**TASK INSTRUCTIONS:** Give the data again in full, without pictures.

**RAW DATA:**
[Start of Attachment]

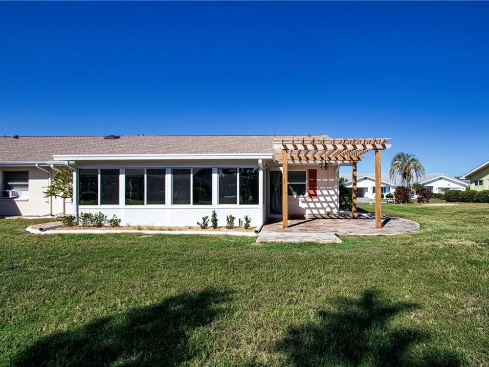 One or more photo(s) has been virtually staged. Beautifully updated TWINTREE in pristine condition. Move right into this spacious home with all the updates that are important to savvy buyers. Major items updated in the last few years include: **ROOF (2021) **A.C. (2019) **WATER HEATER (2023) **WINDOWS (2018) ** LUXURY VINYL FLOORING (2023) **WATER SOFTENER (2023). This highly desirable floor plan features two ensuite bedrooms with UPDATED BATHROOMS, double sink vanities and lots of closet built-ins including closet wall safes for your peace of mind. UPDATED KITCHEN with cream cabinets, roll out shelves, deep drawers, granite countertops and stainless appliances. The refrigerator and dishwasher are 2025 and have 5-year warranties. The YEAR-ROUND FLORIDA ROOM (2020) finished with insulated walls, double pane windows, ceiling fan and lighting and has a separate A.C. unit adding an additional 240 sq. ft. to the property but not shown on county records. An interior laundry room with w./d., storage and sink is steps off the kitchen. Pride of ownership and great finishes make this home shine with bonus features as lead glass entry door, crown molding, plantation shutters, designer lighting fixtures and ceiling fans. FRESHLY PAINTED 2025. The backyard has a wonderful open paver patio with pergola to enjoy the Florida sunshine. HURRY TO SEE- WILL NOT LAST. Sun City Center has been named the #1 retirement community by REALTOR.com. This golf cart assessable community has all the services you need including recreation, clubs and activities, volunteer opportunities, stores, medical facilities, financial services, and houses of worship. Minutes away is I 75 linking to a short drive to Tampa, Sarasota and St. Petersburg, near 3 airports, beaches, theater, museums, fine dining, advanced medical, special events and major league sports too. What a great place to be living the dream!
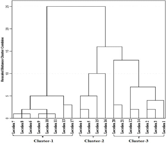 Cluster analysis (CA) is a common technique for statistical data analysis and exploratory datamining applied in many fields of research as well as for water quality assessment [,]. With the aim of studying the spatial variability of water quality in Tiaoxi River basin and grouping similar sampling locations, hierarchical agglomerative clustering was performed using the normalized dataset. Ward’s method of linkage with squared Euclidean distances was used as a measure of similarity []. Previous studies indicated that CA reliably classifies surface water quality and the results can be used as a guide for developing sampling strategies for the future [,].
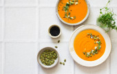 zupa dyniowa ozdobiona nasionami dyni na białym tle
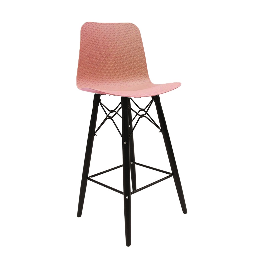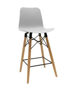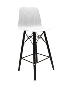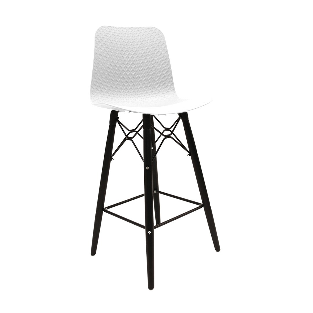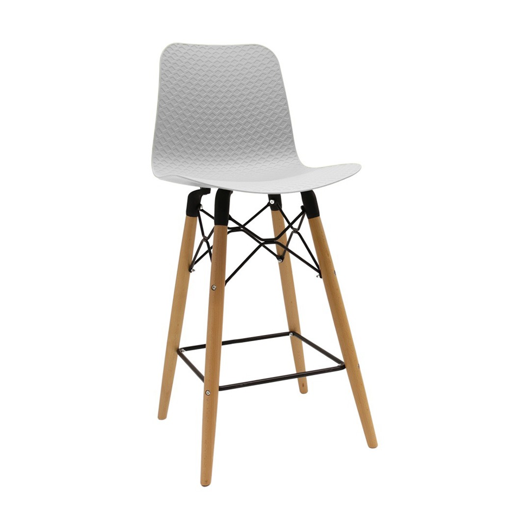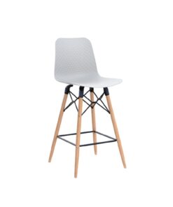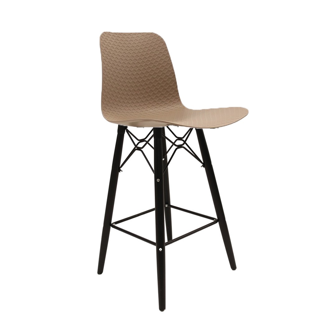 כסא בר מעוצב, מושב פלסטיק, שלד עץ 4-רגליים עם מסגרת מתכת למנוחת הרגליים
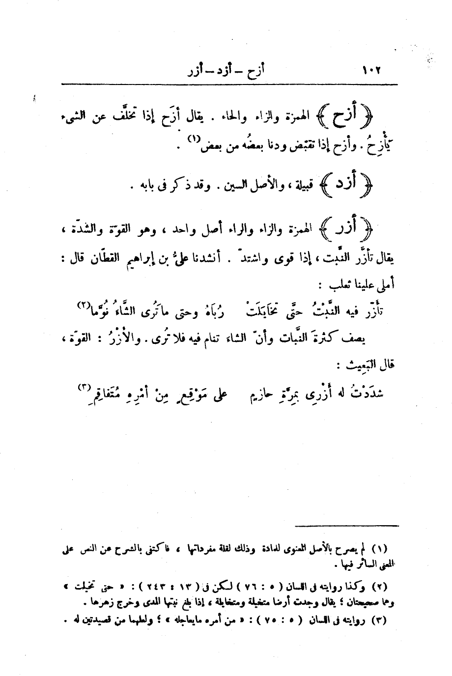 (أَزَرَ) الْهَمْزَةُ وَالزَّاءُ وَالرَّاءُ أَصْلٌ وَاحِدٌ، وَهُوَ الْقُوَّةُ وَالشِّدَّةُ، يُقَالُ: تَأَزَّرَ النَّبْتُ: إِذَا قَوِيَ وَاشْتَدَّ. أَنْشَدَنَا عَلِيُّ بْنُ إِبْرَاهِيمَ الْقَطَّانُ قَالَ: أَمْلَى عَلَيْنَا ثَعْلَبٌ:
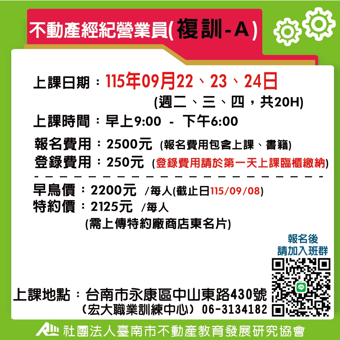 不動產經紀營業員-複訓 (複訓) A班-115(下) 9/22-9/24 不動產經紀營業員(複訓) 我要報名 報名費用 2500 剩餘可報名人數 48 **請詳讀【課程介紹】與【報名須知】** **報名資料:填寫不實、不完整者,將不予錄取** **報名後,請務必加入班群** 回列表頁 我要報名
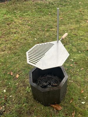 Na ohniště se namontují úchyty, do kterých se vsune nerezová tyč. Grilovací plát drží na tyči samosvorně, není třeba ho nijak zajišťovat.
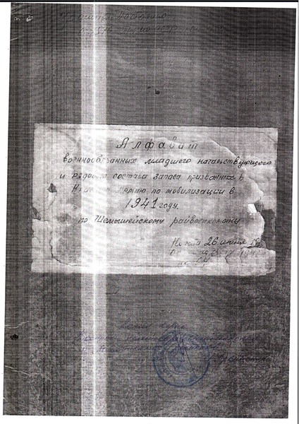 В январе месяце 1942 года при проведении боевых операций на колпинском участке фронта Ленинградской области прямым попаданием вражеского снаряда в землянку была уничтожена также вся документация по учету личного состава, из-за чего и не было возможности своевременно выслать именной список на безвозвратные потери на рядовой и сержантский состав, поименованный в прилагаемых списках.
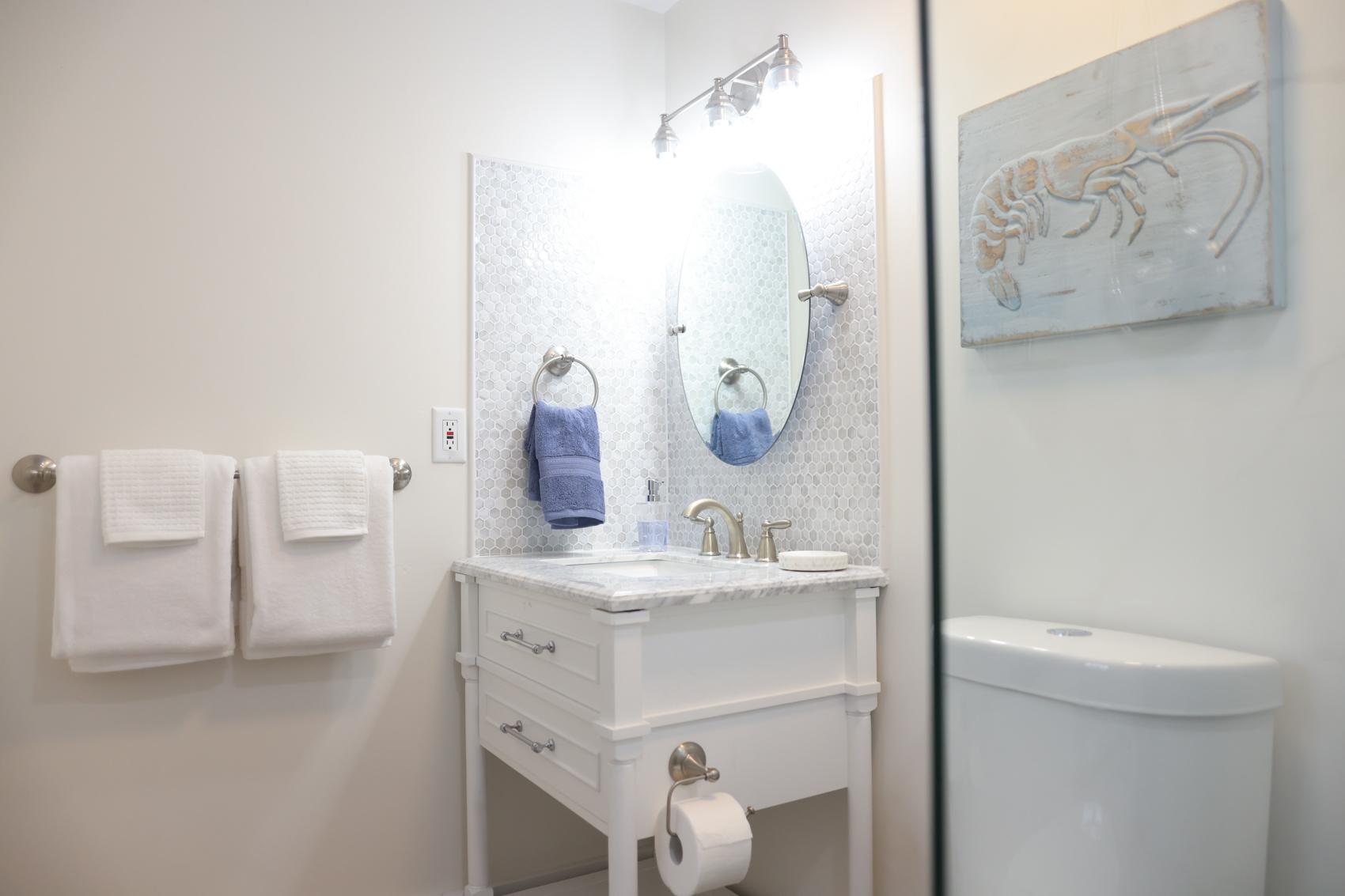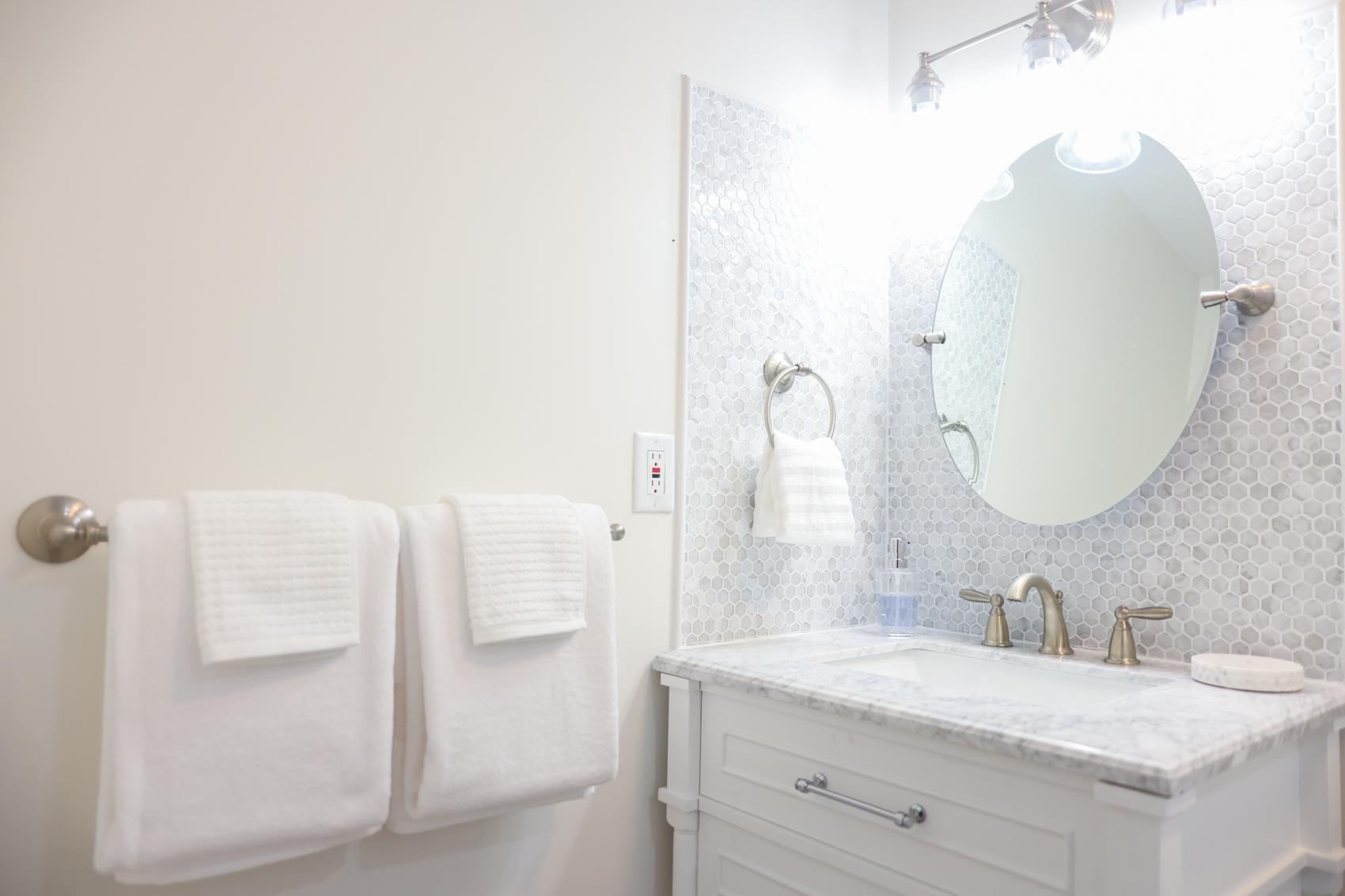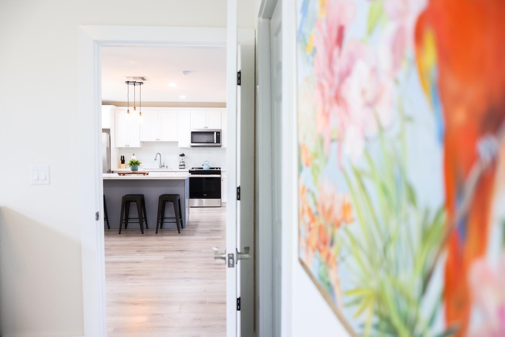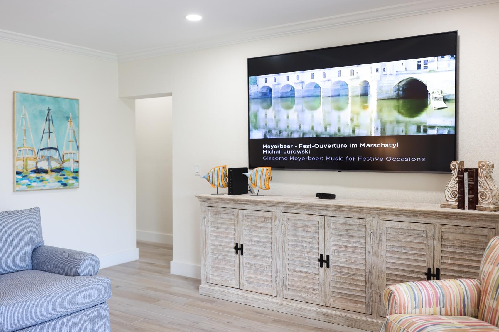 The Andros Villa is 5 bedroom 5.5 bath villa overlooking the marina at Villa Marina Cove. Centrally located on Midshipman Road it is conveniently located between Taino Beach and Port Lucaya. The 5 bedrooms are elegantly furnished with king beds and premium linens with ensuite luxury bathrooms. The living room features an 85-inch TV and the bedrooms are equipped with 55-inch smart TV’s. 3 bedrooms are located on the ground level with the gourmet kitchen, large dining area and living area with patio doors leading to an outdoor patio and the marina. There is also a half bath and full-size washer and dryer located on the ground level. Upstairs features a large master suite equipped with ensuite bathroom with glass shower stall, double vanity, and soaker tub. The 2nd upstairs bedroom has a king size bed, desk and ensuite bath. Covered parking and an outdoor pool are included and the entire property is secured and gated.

[End of Attachment]

**REPLY:**
 One or more photo(s) has been virtually staged. Beautifully updated TWINTREE in pristine condition. Move right into this spacious home with all the updates that are important to savvy buyers. Major items updated in the last few years include: **ROOF (2021) **A.C. (2019) **WATER HEATER (2023) **WINDOWS (2018) ** LUXURY VINYL FLOORING (2023) **WATER SOFTENER (2023). This highly desirable floor plan features two ensuite bedrooms with UPDATED BATHROOMS, double sink vanities and lots of closet built-ins including closet wall safes for your peace of mind. UPDATED KITCHEN with cream cabinets, roll out shelves, deep drawers, granite countertops and stainless appliances. The refrigerator and dishwasher are 2025 and have 5-year warranties. The YEAR-ROUND FLORIDA ROOM (2020) finished with insulated walls, double pane windows, ceiling fan and lighting and has a separate A.C. unit adding an additional 240 sq. ft. to the property but not shown on county records. An interior laundry room with w./d., storage and sink is steps off the kitchen. Pride of ownership and great finishes make this home shine with bonus features as lead glass entry door, crown molding, plantation shutters, designer lighting fixtures and ceiling fans. FRESHLY PAINTED 2025. The backyard has a wonderful open paver patio with pergola to enjoy the Florida sunshine. HURRY TO SEE- WILL NOT LAST. Sun City Center has been named the #1 retirement community by REALTOR.com. This golf cart assessable community has all the services you need including recreation, clubs and activities, volunteer opportunities, stores, medical facilities, financial services, and houses of worship. Minutes away is I 75 linking to a short drive to Tampa, Sarasota and St. Petersburg, near 3 airports, beaches, theater, museums, fine dining, advanced medical, special events and major league sports too. What a great place to be living the dream!
 Cluster analysis (CA) is a common technique for statistical data analysis and exploratory datamining applied in many fields of research as well as for water quality assessment [,]. With the aim of studying the spatial variability of water quality in Tiaoxi River basin and grouping similar sampling locations, hierarchical agglomerative clustering was performed using the normalized dataset. Ward’s method of linkage with squared Euclidean distances was used as a measure of similarity []. Previous studies indicated that CA reliably classifies surface water quality and the results can be used as a guide for developing sampling strategies for the future [,].
 zupa dyniowa ozdobiona nasionami dyni na białym tle
 כסא בר מעוצב, מושב פלסטיק, שלד עץ 4-רגליים עם מסגרת מתכת למנוחת הרגליים
 (أَزَرَ) الْهَمْزَةُ وَالزَّاءُ وَالرَّاءُ أَصْلٌ وَاحِدٌ، وَهُوَ الْقُوَّةُ وَالشِّدَّةُ، يُقَالُ: تَأَزَّرَ النَّبْتُ: إِذَا قَوِيَ وَاشْتَدَّ. أَنْشَدَنَا عَلِيُّ بْنُ إِبْرَاهِيمَ الْقَطَّانُ قَالَ: أَمْلَى عَلَيْنَا ثَعْلَبٌ:
 不動產經紀營業員-複訓 (複訓) A班-115(下) 9/22-9/24 不動產經紀營業員(複訓) 我要報名 報名費用 2500 剩餘可報名人數 48 **請詳讀【課程介紹】與【報名須知】** **報名資料:填寫不實、不完整者,將不予錄取** **報名後,請務必加入班群** 回列表頁 我要報名
 Na ohniště se namontují úchyty, do kterých se vsune nerezová tyč. Grilovací plát drží na tyči samosvorně, není třeba ho nijak zajišťovat.
 В январе месяце 1942 года при проведении боевых операций на колпинском участке фронта Ленинградской области прямым попаданием вражеского снаряда в землянку была уничтожена также вся документация по учету личного состава, из-за чего и не было возможности своевременно выслать именной список на безвозвратные потери на рядовой и сержантский состав, поименованный в прилагаемых списках.
 The Andros Villa is 5 bedroom 5.5 bath villa overlooking the marina at Villa Marina Cove. Centrally located on Midshipman Road it is conveniently located between Taino Beach and Port Lucaya. The 5 bedrooms are elegantly furnished with king beds and premium linens with ensuite luxury bathrooms. The living room features an 85-inch TV and the bedrooms are equipped with 55-inch smart TV’s. 3 bedrooms are located on the ground level with the gourmet kitchen, large dining area and living area with patio doors leading to an outdoor patio and the marina. There is also a half bath and full-size washer and dryer located on the ground level. Upstairs features a large master suite equipped with ensuite bathroom with glass shower stall, double vanity, and soaker tub. The 2nd upstairs bedroom has a king size bed, desk and ensuite bath. Covered parking and an outdoor pool are included and the entire property is secured and gated.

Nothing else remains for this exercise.